> Information provided
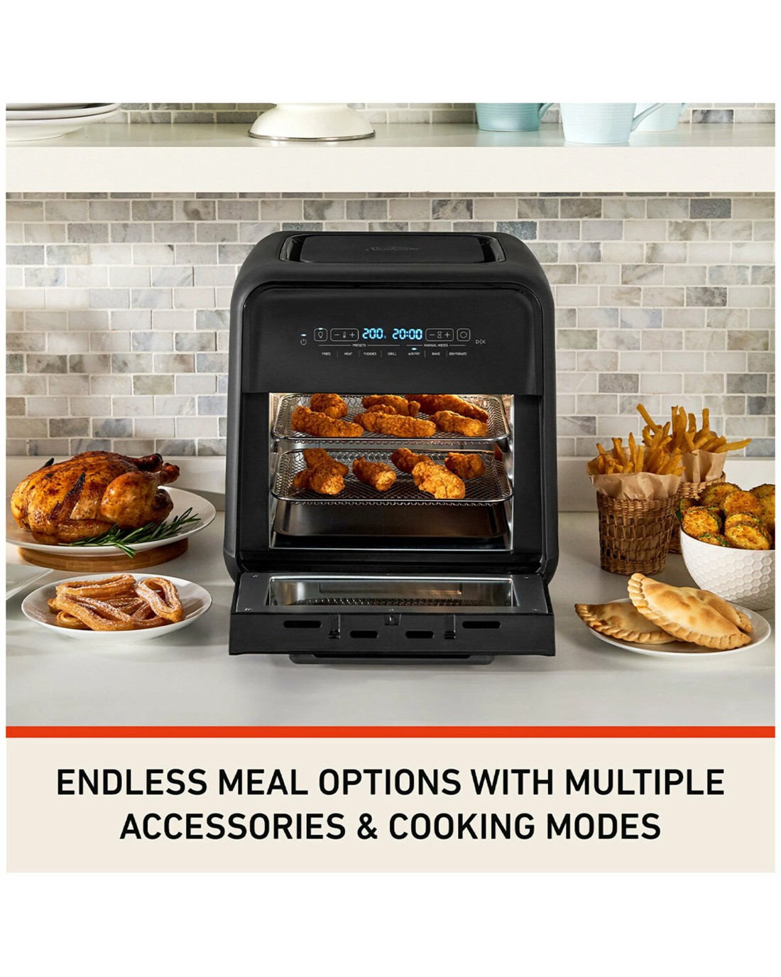 Five functions: Air fry, rotisserie, grill, bake and dehydrate.
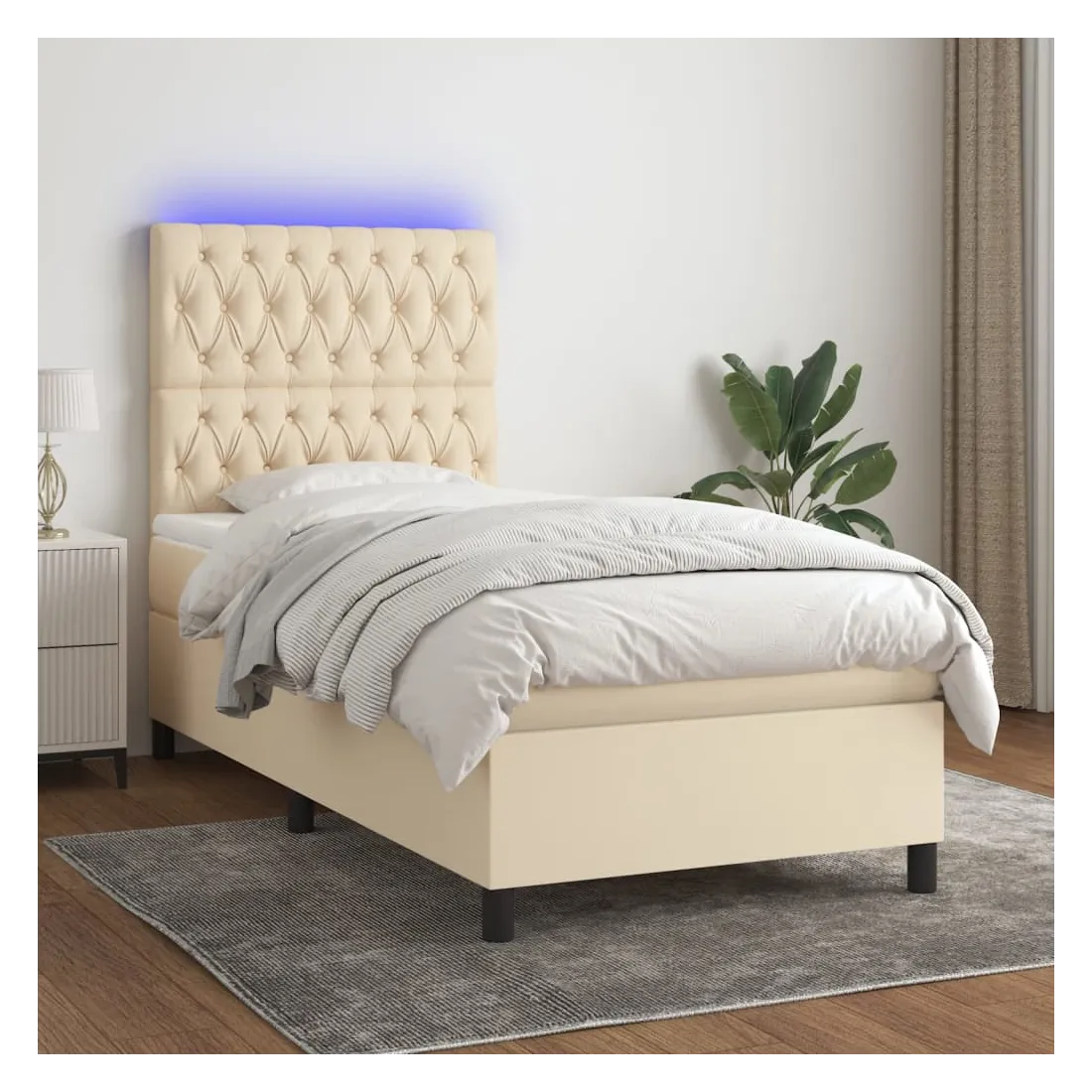 vidaXLUtilisez ce sommier tapissier avec matelas et LED pour profiter d'un sommeil réparateur ! C'est le point central de votre chambre à coucher. Tissu durable : le tissu présente un aspect simple et épuré, et il est respirant et durable.Tête de lit pratique : la tête de lit est réglable en hauteur selon vos préférences. La tête de lit vous offre un excellent soutien du dos lorsque vous êtes assis dans votre lit pour lire ou regarder la télévision.Bande LED colorée : apportez de l'éclairage dans l'obscurité avec des lumières LED colorées !Matelas à ressorts ensachés : le ressort ensaché individuel intégré est connu pour sa très haute qualité tout en assurant un haut niveau de durabilité et d'adaptabilité. Il peut absorber efficacement le bruit et les chocs causés par les sauts et les rotations.Protège-matelas doux pour la peau : le protège-matelas est recouvert d'un tissu résistant et doux pour la peau, ce qui le rend souple et confortable. Remarque :Pour des raisons d'hygiène, le matelas ne peut pas être retourné si l'emballage est retiré ou ouvert.Seule la partie avec un symbole de ciseaux peut être coupée et seule la partie avec l'USB continuera à fonctionner comme avant.Chaque produit est livré avec un manuel de montage dans la boîte pour un montage facile.Ce produit est doté d'un connecteur USB, mais la source d'alimentation certifiée de USB 5V n'est pas incluse.
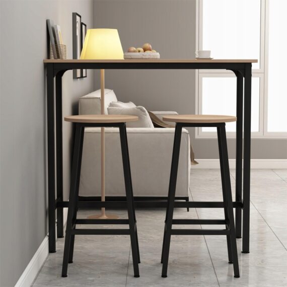Barový set kuchyňský stůl + 2 židle barové světle hnědé – moderní industriální loftový styl
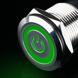 Công tắc nút nhấn kim loại 19mm LED hình nguồn – Nhấn khóa 10A
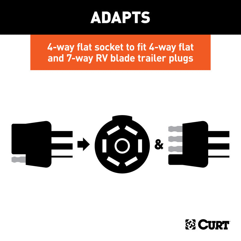 There are several different types of connectors used to supply power from a tow vehicle's electrical system to a trailer's wiring system. Some trailers only need the bare essentials -- running lights, brake lights and turn signals -- while others require a connection for reverse lights, electric brakes and auxiliary power. With connectors ranging from simple to complex, it may be the case that the connection between your vehicle and your trailer is not a perfect match. For example, your truck may be equipped with a 6-way round socket, but your trailer may have a 4-way flat plug. For this very common problem, CURT offers a quick and simple solution in the form of an electrical adapter. An adapter is an electrical device that allows a connection to be made between a mismatched trailer plug and vehicle socket. It easily plugs in your vehicle's electrical socket and usually requires no additional wiring. CURT offers an array of adapters to accommodate most types of plugs and sockets, including 4-way flat, 4-way round, 5-way flat, 6-way round, 7-way RV blades and more. This special electrical adapter is actually designed to adapt a 4-way flat vehicle socket to fit multiple trailer plugs, including a 4-way flat and a 7-way RV blade. Some manual wiring is required. This multipurpose socket also comes with its own backup alarm, dust covers, a mounting bracket and all necessary mounting hardware for a complete installation. All CURT wiring and electrical products come with a one-year limited warranty to give you the assurance you need to tow with confidence.

> About this exercise
Your answer must be the lines from the opening line of the entries through the line holding "Công tắc nút", written out exactly and without any picture.

> Reply
 Five functions: Air fry, rotisserie, grill, bake and dehydrate.
 vidaXLUtilisez ce sommier tapissier avec matelas et LED pour profiter d'un sommeil réparateur ! C'est le point central de votre chambre à coucher. Tissu durable : le tissu présente un aspect simple et épuré, et il est respirant et durable.Tête de lit pratique : la tête de lit est réglable en hauteur selon vos préférences. La tête de lit vous offre un excellent soutien du dos lorsque vous êtes assis dans votre lit pour lire ou regarder la télévision.Bande LED colorée : apportez de l'éclairage dans l'obscurité avec des lumières LED colorées !Matelas à ressorts ensachés : le ressort ensaché individuel intégré est connu pour sa très haute qualité tout en assurant un haut niveau de durabilité et d'adaptabilité. Il peut absorber efficacement le bruit et les chocs causés par les sauts et les rotations.Protège-matelas doux pour la peau : le protège-matelas est recouvert d'un tissu résistant et doux pour la peau, ce qui le rend souple et confortable. Remarque :Pour des raisons d'hygiène, le matelas ne peut pas être retourné si l'emballage est retiré ou ouvert.Seule la partie avec un symbole de ciseaux peut être coupée et seule la partie avec l'USB continuera à fonctionner comme avant.Chaque produit est livré avec un manuel de montage dans la boîte pour un montage facile.Ce produit est doté d'un connecteur USB, mais la source d'alimentation certifiée de USB 5V n'est pas incluse.
Barový set kuchyňský stůl + 2 židle barové světle hnědé – moderní industriální loftový styl
 Công tắc nút nhấn kim loại 19mm LED hình nguồn – Nhấn khóa 10A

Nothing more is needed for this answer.